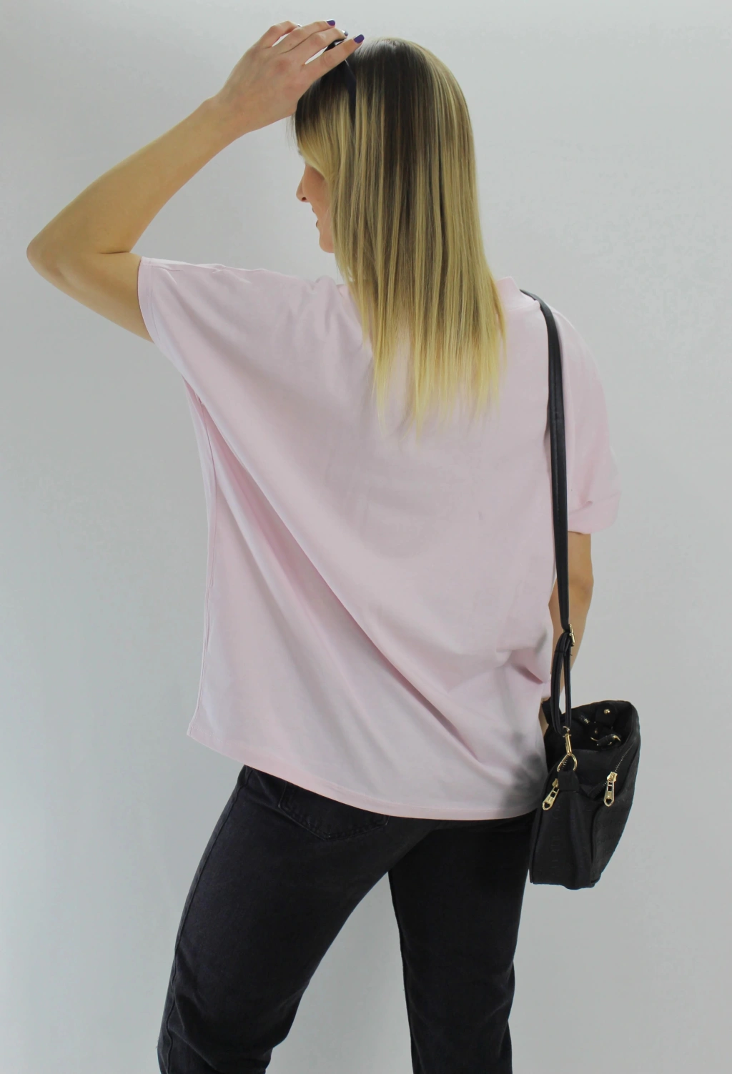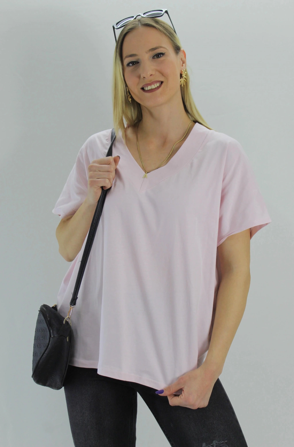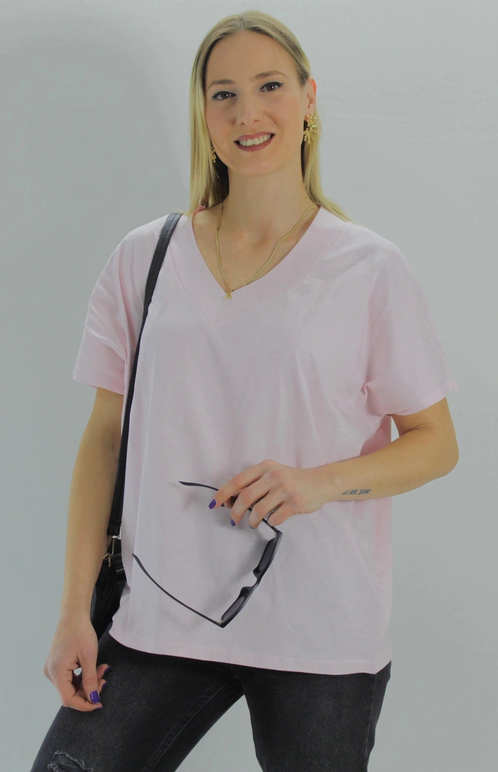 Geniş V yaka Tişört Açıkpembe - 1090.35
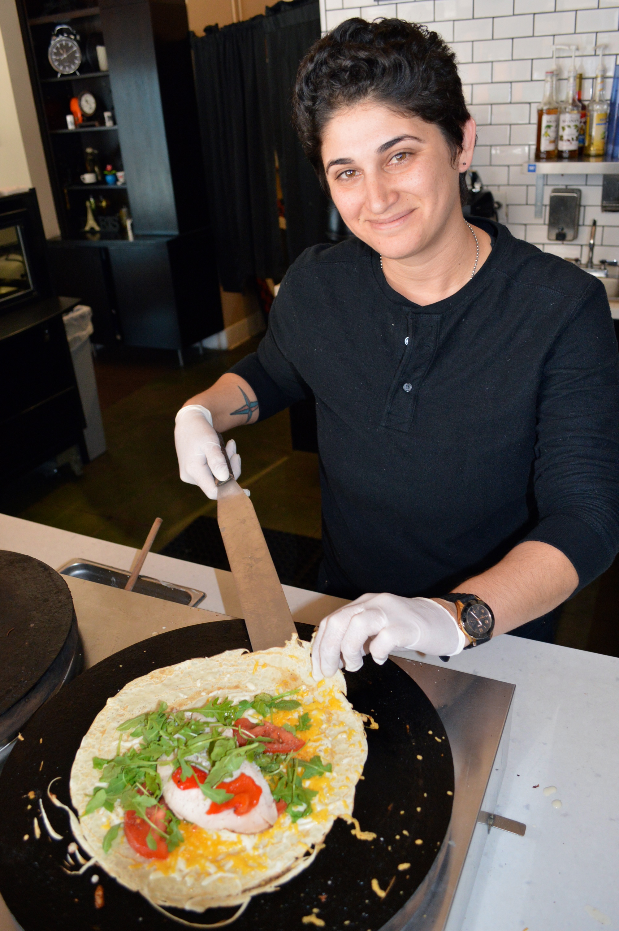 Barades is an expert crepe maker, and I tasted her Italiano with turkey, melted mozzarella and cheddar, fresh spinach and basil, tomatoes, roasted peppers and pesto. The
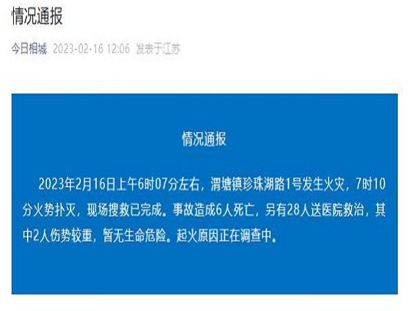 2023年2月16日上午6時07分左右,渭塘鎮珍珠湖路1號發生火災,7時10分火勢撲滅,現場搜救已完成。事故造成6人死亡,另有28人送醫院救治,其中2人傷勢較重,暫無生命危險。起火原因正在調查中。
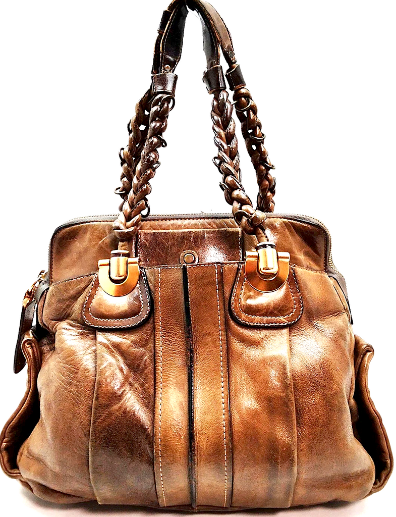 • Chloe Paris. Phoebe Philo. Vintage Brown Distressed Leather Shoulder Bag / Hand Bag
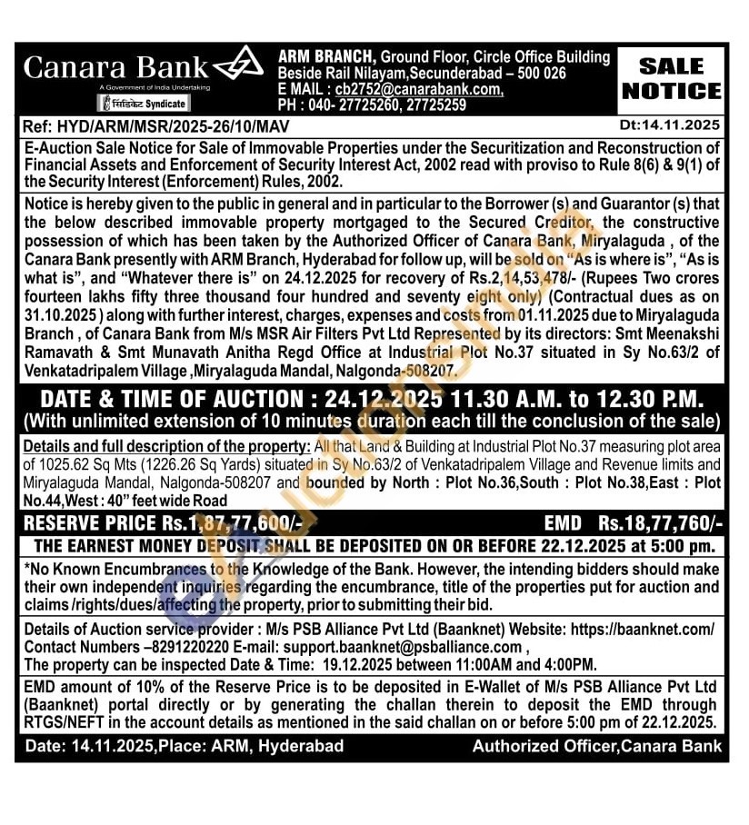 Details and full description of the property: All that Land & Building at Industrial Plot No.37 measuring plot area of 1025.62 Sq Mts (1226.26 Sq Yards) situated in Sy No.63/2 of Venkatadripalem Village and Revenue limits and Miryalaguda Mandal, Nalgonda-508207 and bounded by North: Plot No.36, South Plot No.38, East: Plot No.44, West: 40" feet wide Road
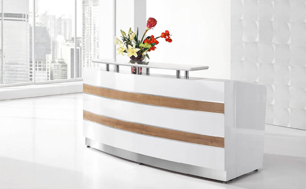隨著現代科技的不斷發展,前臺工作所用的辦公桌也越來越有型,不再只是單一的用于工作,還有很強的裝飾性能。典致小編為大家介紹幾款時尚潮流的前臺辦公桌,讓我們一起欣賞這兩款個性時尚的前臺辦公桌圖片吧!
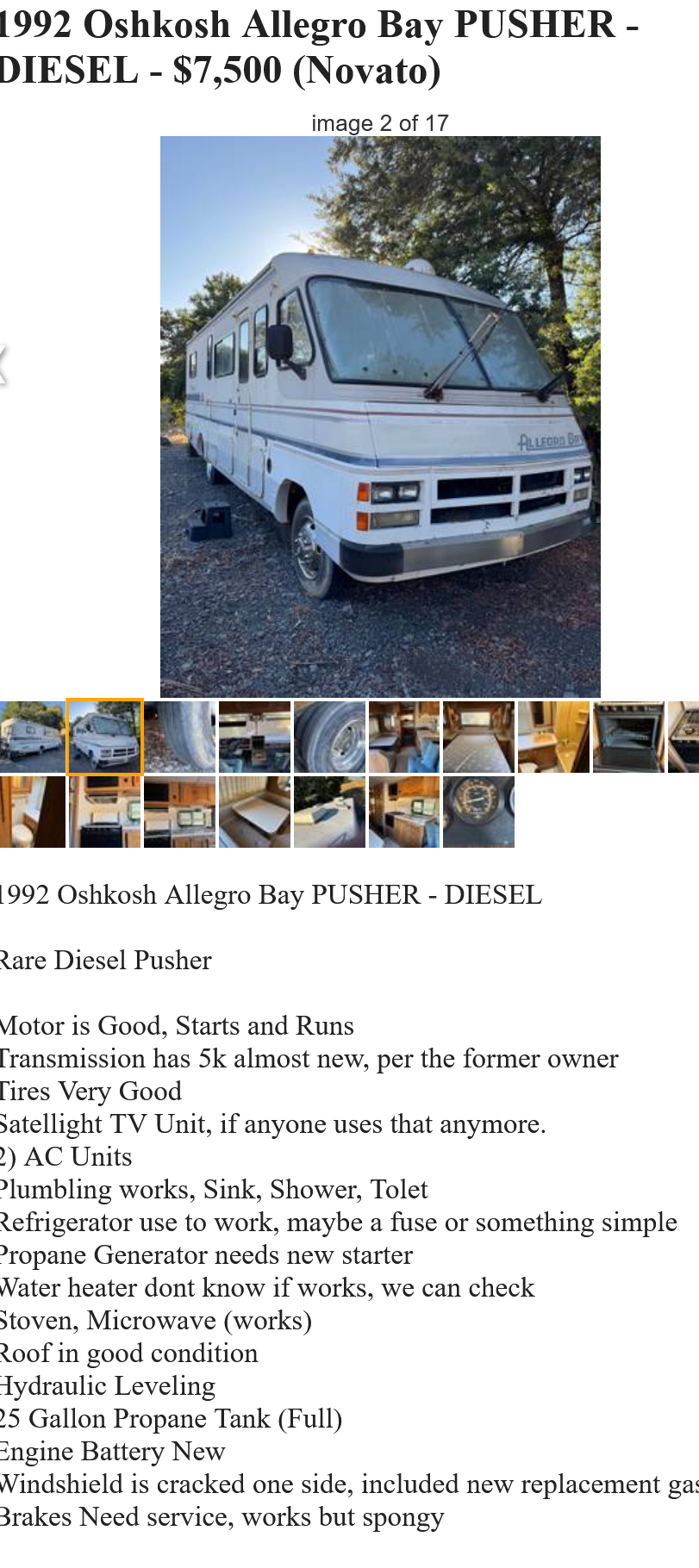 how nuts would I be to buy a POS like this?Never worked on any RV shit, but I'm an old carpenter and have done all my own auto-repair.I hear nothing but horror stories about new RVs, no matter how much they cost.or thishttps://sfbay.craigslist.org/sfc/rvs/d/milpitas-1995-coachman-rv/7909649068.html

■ ■ ■

Exercise objective — Omit the pictures and write out exactly the lines from the one containing "2023年2月16日上午6時" through the last line of the material.

Output below —
 2023年2月16日上午6時07分左右,渭塘鎮珍珠湖路1號發生火災,7時10分火勢撲滅,現場搜救已完成。事故造成6人死亡,另有28人送醫院救治,其中2人傷勢較重,暫無生命危險。起火原因正在調查中。
 • Chloe Paris. Phoebe Philo. Vintage Brown Distressed Leather Shoulder Bag / Hand Bag
 Details and full description of the property: All that Land & Building at Industrial Plot No.37 measuring plot area of 1025.62 Sq Mts (1226.26 Sq Yards) situated in Sy No.63/2 of Venkatadripalem Village and Revenue limits and Miryalaguda Mandal, Nalgonda-508207 and bounded by North: Plot No.36, South Plot No.38, East: Plot No.44, West: 40" feet wide Road
隨著現代科技的不斷發展,前臺工作所用的辦公桌也越來越有型,不再只是單一的用于工作,還有很強的裝飾性能。典致小編為大家介紹幾款時尚潮流的前臺辦公桌,讓我們一起欣賞這兩款個性時尚的前臺辦公桌圖片吧!
 how nuts would I be to buy a POS like this?Never worked on any RV shit, but I'm an old carpenter and have done all my own auto-repair.I hear nothing but horror stories about new RVs, no matter how much they cost.or thishttps://sfbay.craigslist.org/sfc/rvs/d/milpitas-1995-coachman-rv/7909649068.html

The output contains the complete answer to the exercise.